AORN has since walked back the recommendations, after a multi-society panel considered the evidence. It says each healthcare organization should decide for itself on type of head covering after likewise considering the evidence.

An editorial from 2019 in JAMA Surgery took a "plague on both your houses" position on the bouffant "scandal," criticizing AORN and the panel's inability to reach a consensus. "Leaders in the room needed to realize that this was the opportunity to either agree that the current data were insufficient to make a recommendation or collaborate by designing and organizing a multi-institutional equivalency or noninferiority trial to test the outcome of interest," the editorial stated, suggesting that the recommendation for each institution to make up its own rules was helpful to no one.

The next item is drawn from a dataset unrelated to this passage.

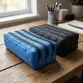 Estojo com três compartimentos que facilita a separação de canetas, lápis e acessórios, combinando praticidade e resistência para o uso diário.
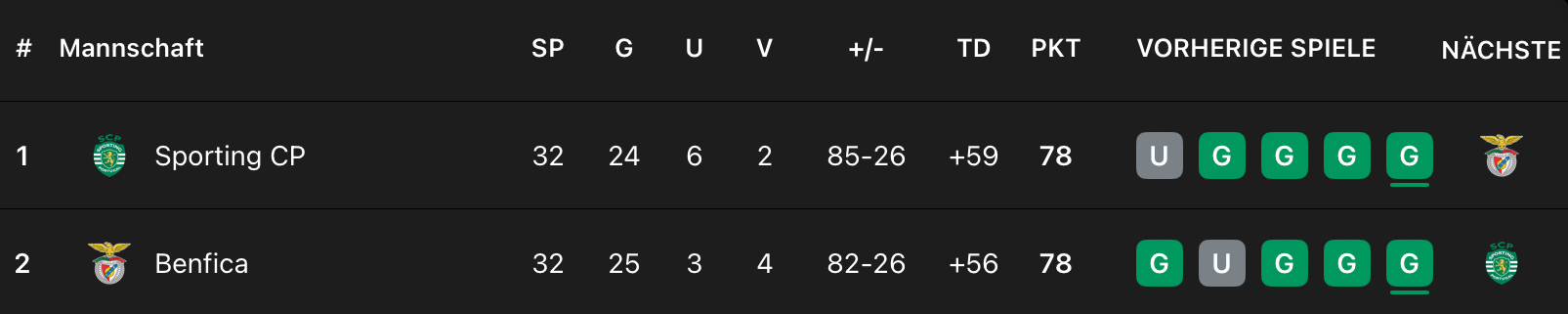 Das wird wohl heute in Portugal um 19 Uhr ein hitziges Spiel zwischen Sporting und Benfica. Das wäre es wohl sowieso, doch es sind (mit diesem Spiel) noch zwei Spieltage und beide Teams haben 78 Punkte.

And bouffant-versus-cap is not even the most important infection-control issue for surgical teams, wrote Radwan Dipp Ramos, MD, and Kamal Itani, MD, both of Veterans Affairs Boston Healthcare System, in an invited commentary for Ponce's study.

"There are other common-sense recommendations regarding attire that we unfortunately disregard," including frequent laundering of cloth caps, not wearing scrubs home, and, when leaving the restricted area of the OR, removing headgear, mask, and shoe covers and changing or covering scrubs, the editorialists noted.

"Short of having best evidence in any of those areas, myth and reality will continue to coexist, and our common sense augmented by available evidence should prevail over emotions and careless practices," Ramos and Itani concluded.

Ponce's study included all 34,042 inpatient surgical encounters over the period when UAB Hospital changed its OR attire requirements: neither bouffants nor surgical jackets from Jan. 1 to Aug. 31, 2017; surgical jackets from Sept. 1, 2017, until Feb. 28, 2018; and bouffants added starting in March 2018 through the end of study on Oct. 31, 2018.

Surgical site infection data came from the institutional infection control monthly summary reports. Order invoices provide clear dates of implementation and cost.

Limitations included lack of data on degree of compliance, inability to control for different surgeons' skin preparation techniques, Surgical Care Improvement Project bundle compliance, surveillance beyond 30 days for implanted prostheses, duration of surgery, and emergency operations.


Ponce disclosed stock or stock options in Help Lightning, being a pain presenter/speaker and paid consultant for Tornier, and receiving IP royalties from Wright Medical Technology.

Itani has received grants from Pfizer to his institution and personal fees from Eupraxia.

Ramos disclosed no relevant relationships with industry.

Primary Source

JAMA Surgery

Source Reference: Wills BW, et al "Association of surgical jacket and bouffant use with surgical site infection risk" JAMA Surg 2020; DOI: 10.1001/jamasurg.2019.6044.

Secondary Source

JAMA Surgery

Source Reference: Ramos RD, Itani KM "Emotions, common sense, and evidence in operating room attire" JAMA Surg 2020; DOI: 10.1001/jamasurg.2019.6023.